AUD/CAD: ready to rip higher?
The Australian dollar has been falling against the Canadian dollar over the last couple of months, but we have finally entered an area that could attract a lot of buying pressure. This makes sense, because the Australian dollar is at an area of major support against the USD, which of course is the barometer of a currency strength in the Forex world anyway.
With that being said, let’s take a look at some of the reasons that we could see strength in this pair, from both a fundamental and a technical standpoint, it looks as if the stars are aligning for the buyers.
The latest Canadian inflation numbers have been rather soft, so for that reasoning alone there is a little bit of a negative bias when it comes to the Canadian dollar. Beyond that, we also have the US/China trade relations discussions going on, it looks as if we are probably going to at the very least get some type of delay to the tariffs, and that should be good for the Australian dollar as it is a bit of a proxy for China.

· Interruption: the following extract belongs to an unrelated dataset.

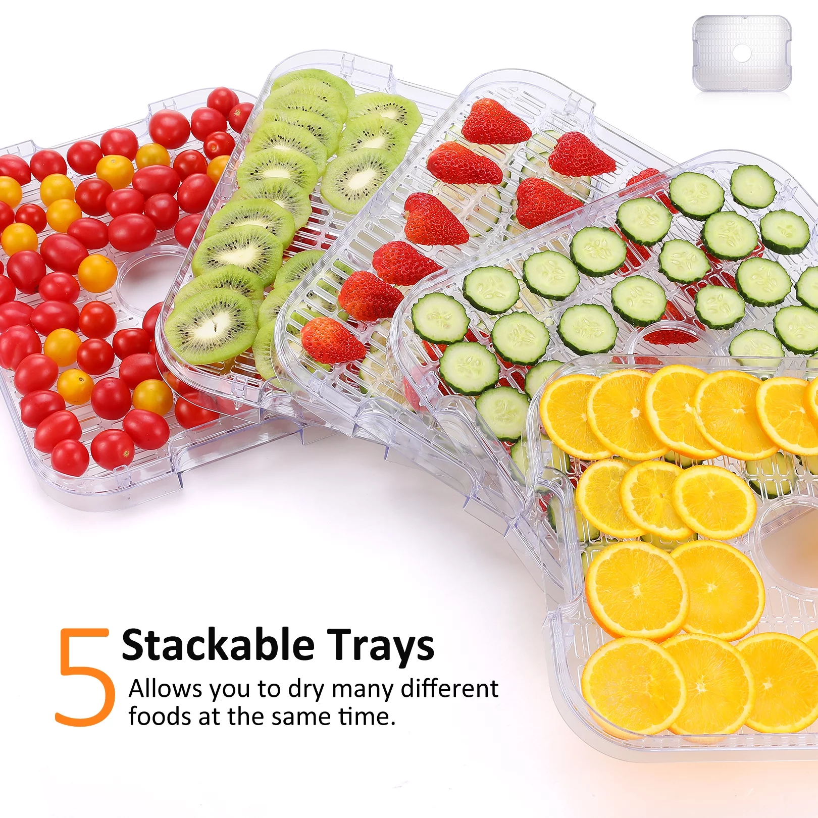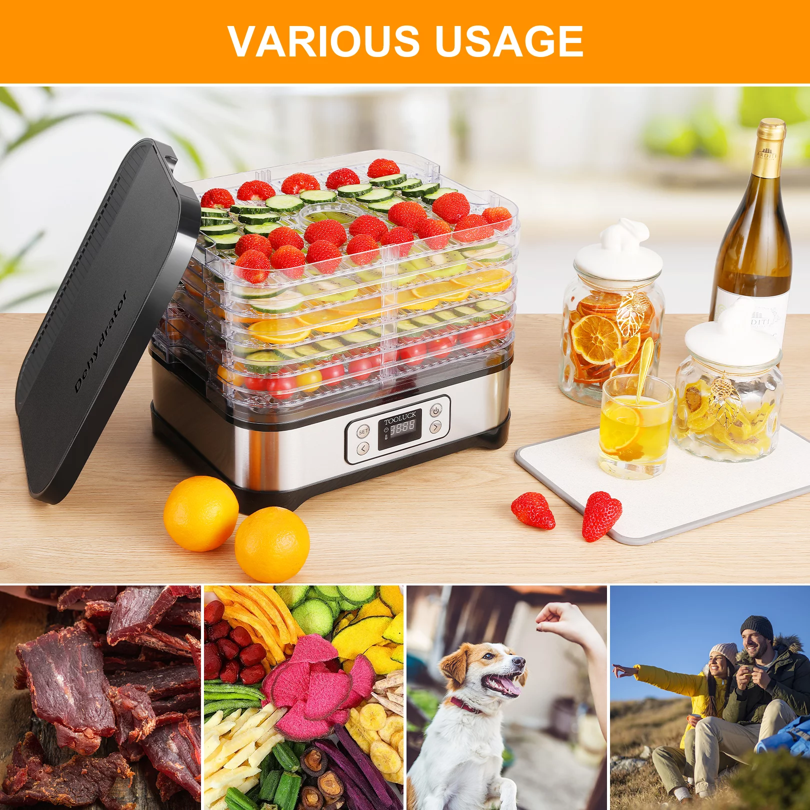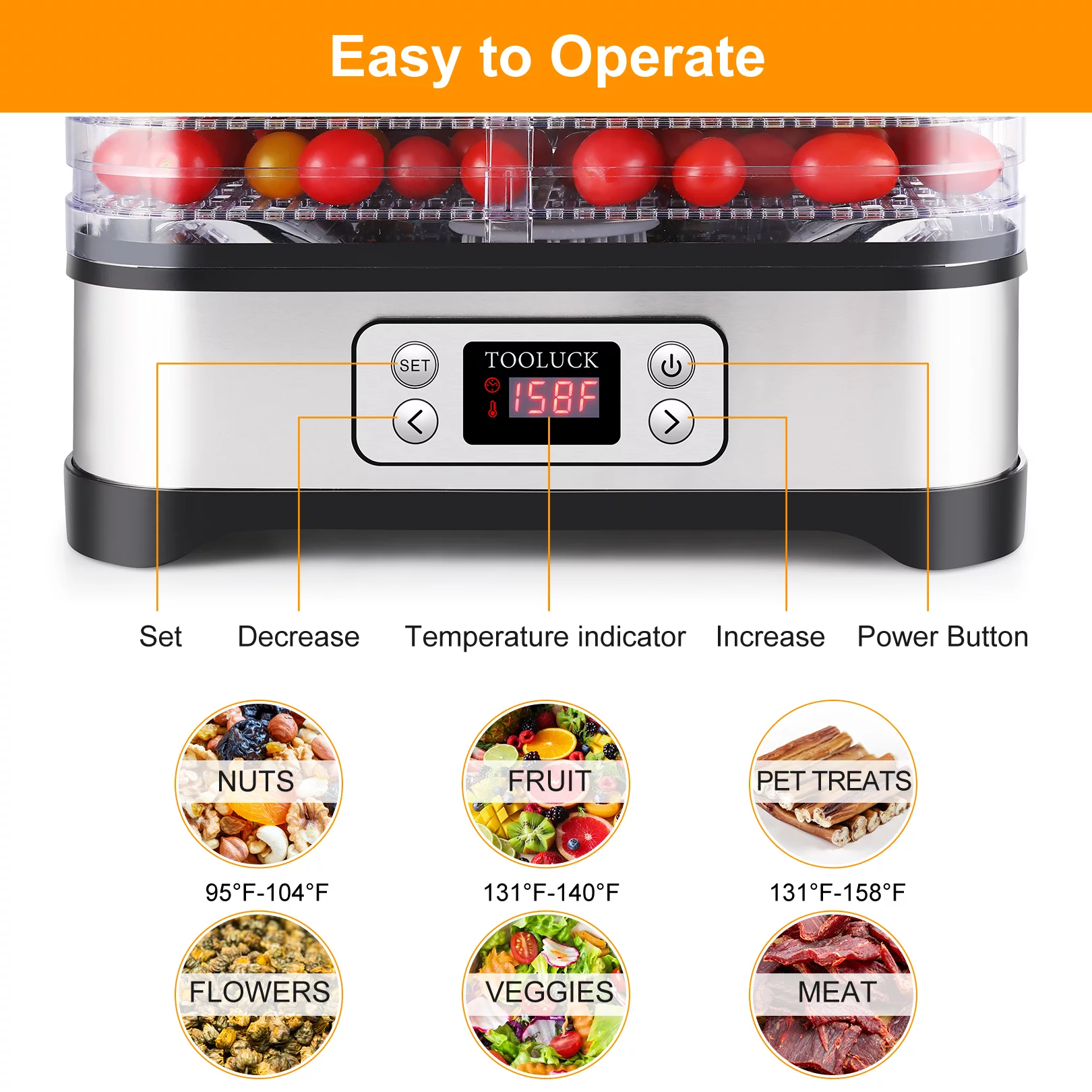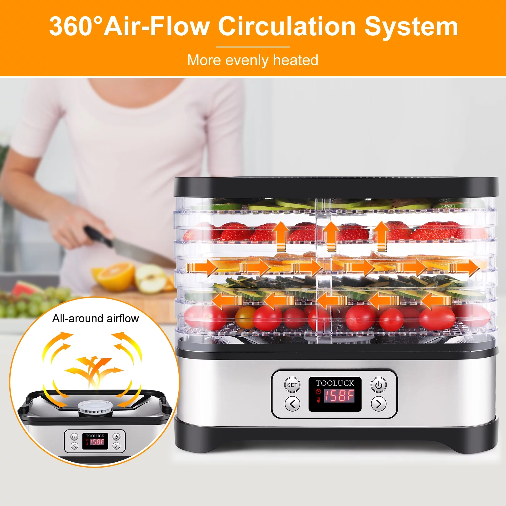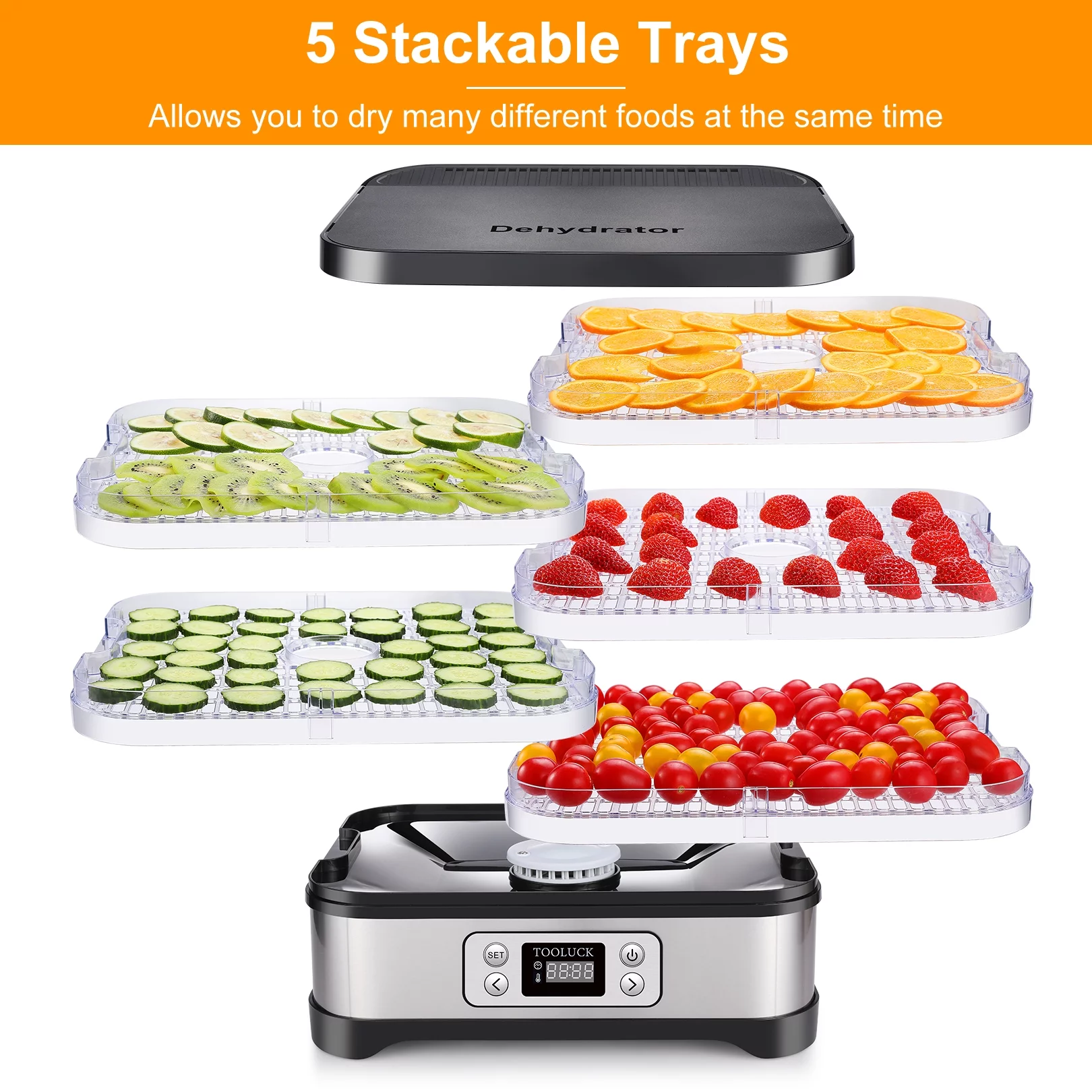 TOOLUCK Electric Food Dehydrator Machine,250W Power,Timer and Temperature Settings, 5 Drying Trays, Stainless Steel, BPA Free - Perfect for Beef Jerky, Herbs, Fruits, Vegetables

Remember, the Australian supply China with most of their hard materials, such as copper and iron. Because of this, if the Chinese economy or economic situation is doing well, that typically reflects itself in the value of the Australian dollar. As for the Canadian dollar, the lower inflation numbers and the possibility of a caught to the interest rate in the future has the Loonie looking a bit soft. However on the other side of the equation we do have the crude oil markets that could drive up demand for the Canadian dollar. Because of this, I think it may soften some of the impulsive move to the upside unless of course we get an actual deal between the Americans and Chinese, which would trump everything else and send this market much higher.
Technical set up
The technical set up is that we are sitting at an area that has previously been support, and of course we are sitting at the 61.8% Fibonacci retracement level. That’s obviously a very good sign, and at this point I do believe that the market is likely to respect that level as it has been an area of significant strength in the past anyway. Beyond that, looking at the daily candle stick from Thursday, you can see that there was a lot of buying pressure underneath. As we roll into the Friday session, we are seeing a bit of stability, which is the beginning of the market trying to rally. I believe at this point we are waiting for some type of news coming out of Washington DC with the Americans and the Chinese, to give us the “all clear” as far as buying the Aussie is concerned.
With all of those things coming together, it makes a lot of sense that the buyers are sitting underneath and trying to take advantage. However, the noise probably will continue to be deafening, so keep that in mind. With that, we also have the weekend coming that will almost certainly give us some type of headline to react to in the morning on Monday.
The take away
At this point, it’s very likely that the risk is to the upside and not the down, as we have so much of a large cluster of support just below the 0.93 handle, which of course has us with a slightly large stop loss, but nothing that can’t be worked around with proper money management. To the upside, we could revisit the 0.7975 handle which would be a complete move from the retracement that you would expect as a Fibonacci trader.
The only way this market melts down more than likely is if something comes out that pretty much kills the idea of some kind of resolution between the Americans and the Chinese, something that seems very unlikely at this point as both countries are starting to feel the pain of this trade war.